Open an escrow account
To deposit your earnest money, you’ll write a check and deliver it to your escrow agent, who works on behalf of an escrow company.
This agent will act on behalf of the interests of all parties involved in the deal. Serving as the go-between for the buyer and seller, the escrow company holds on to all the funds and the documents throughout the closing process until the sale has been closed.
Once the sale has been successfully completed, the escrow company will disburse the funds.
The escrow process ensures that the title to the property isn’t transferred until the funds have been exchanged.
The fee to cover escrow services is typically divided between both parties.
How does this work in practice?
Hazel puts her home up for sale and Alex makes an offer, which she happily accepts.
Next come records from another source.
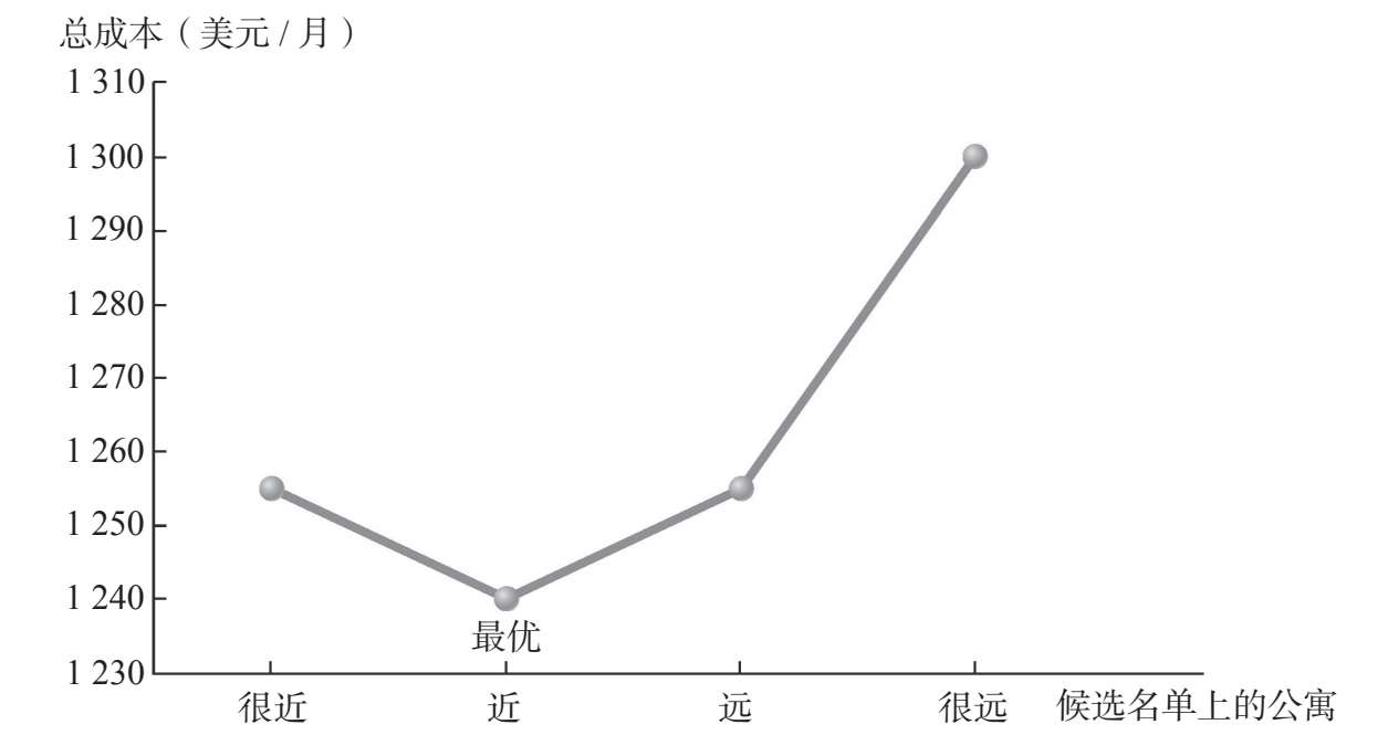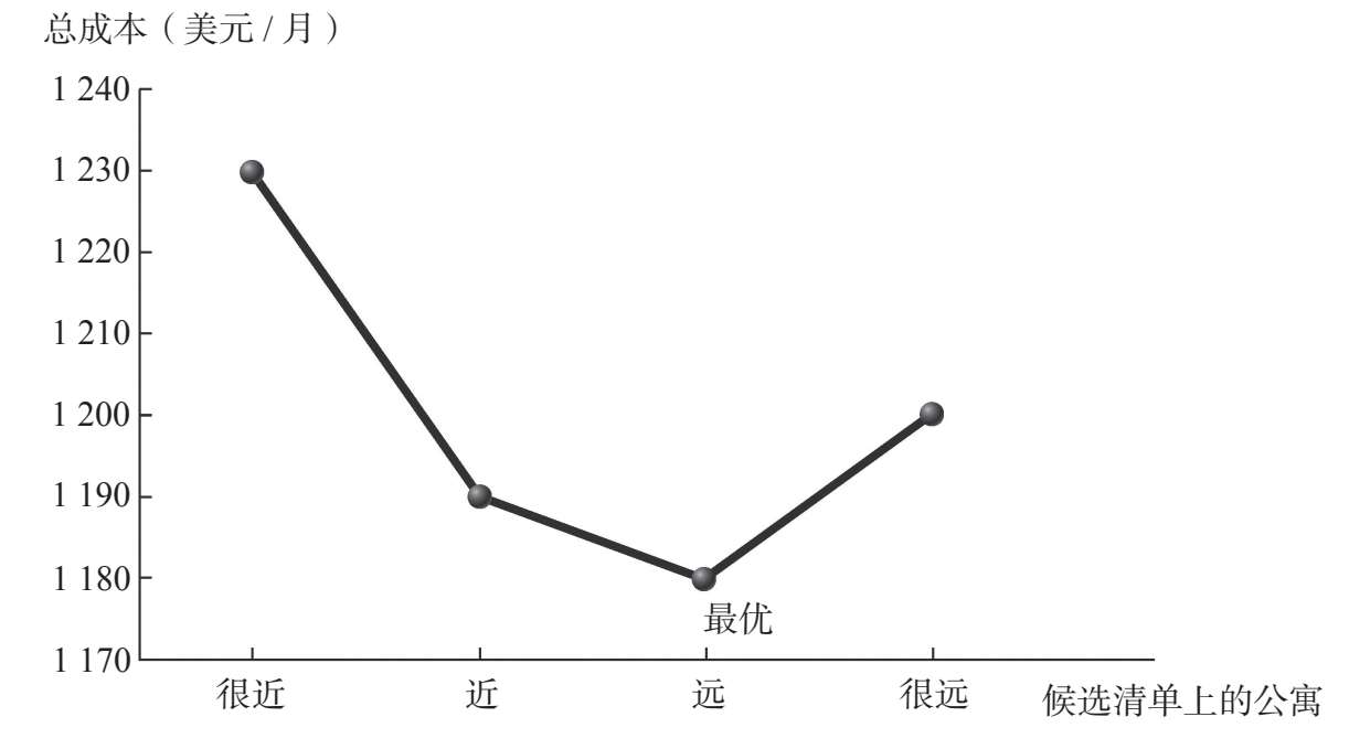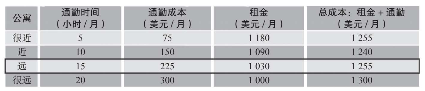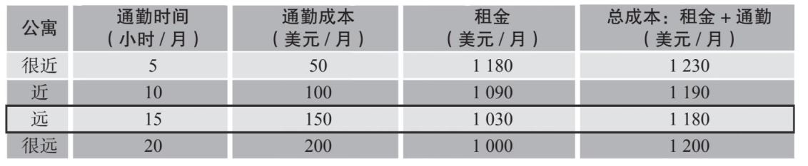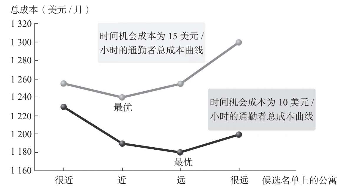 注:在机会成本为15美元/小时的情况下,最优选择是“近”。这套公寓的总成本最低,即直接租金成本和间接通勤时间成本之和最小。
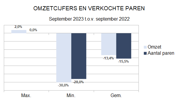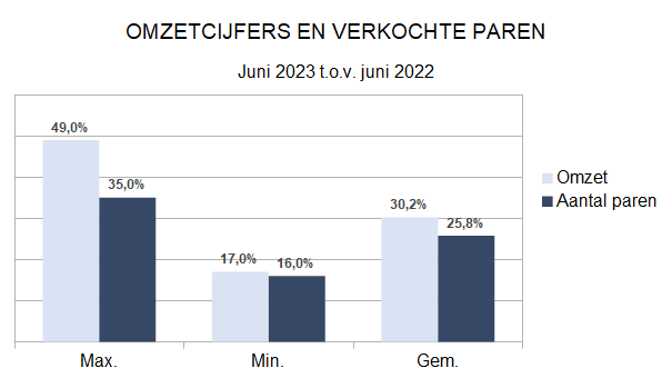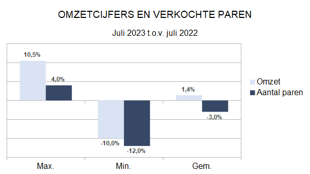 Als we de gemiddelde omzet in de schoendetailhandel tijdens de eerste zes maanden van 2023 bekijken, stellen we vast dat deze gemiddeld 2% beter is dan tijdens dezelfde periode vorig jaar. Daartegenover staat dat het aantal verkochte paren zo'n 3,4% lager ligt dan in 2022, en dat is eenvoudig te verklaren door het feit dat de schoenen gemiddeld 5% duurder geworden zijn dan twee seizoenen geleden.
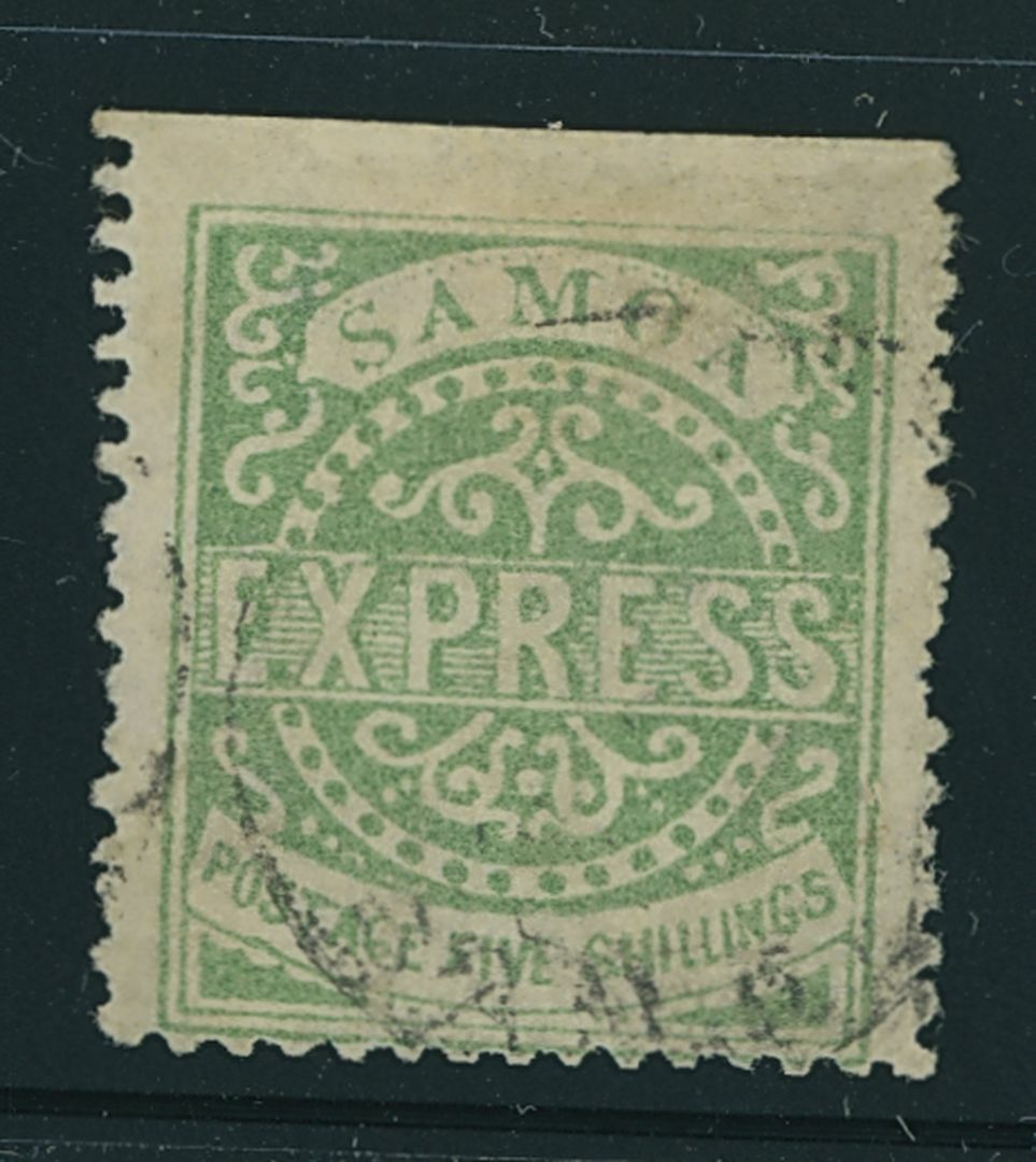1877-80, third State, perf. 12½ 5/- green, position [4], used, necessary straight edge at top, a few shortish perfs., handstamp on reverse, fine and scarce. B.P.A. Certificate (2023), S.G. 14, £850

Alex will give the escrow agent his initial payment while he waits for the home inspection and his financing to go through.
At closing, the escrow company will make sure the funds are passed from Alex’s mortgage lender to Hazel. At the same time, the company makes certain that the title for the home is passed from Hazel to Alex.
Title report and title insurance
Other than holding funds, one of the major purposes of an escrow service is ensuring the smooth transfer of a home’s ownership.
One factor that can prevent a smooth transfer is an issue with the property’s title.
Because of this, your lender will require that you have a title report done and that you take out title insurance.
The report will ensure that no liens or bankruptcies are associated with the property, because those would prevent the transfer of the home.
Referring back to our example above, if Hazel had taken out a loan that put her home up as collateral, and then failed to pay it back, a lien would be placed on her home. Until she clears that debt, the home is not technically hers to sell.
Title insurance protects both the buyer and lender from any legal challenges that may pop up that a title search didn’t initially uncover.
Issues with the title are known as clouds or defects, and they are the seller’s responsibility to resolve before the sale can go through. If the seller can’t or won’t take care of the issues, the buyer is entitled to walk away from the sale and seek return of the earnest money that was put down.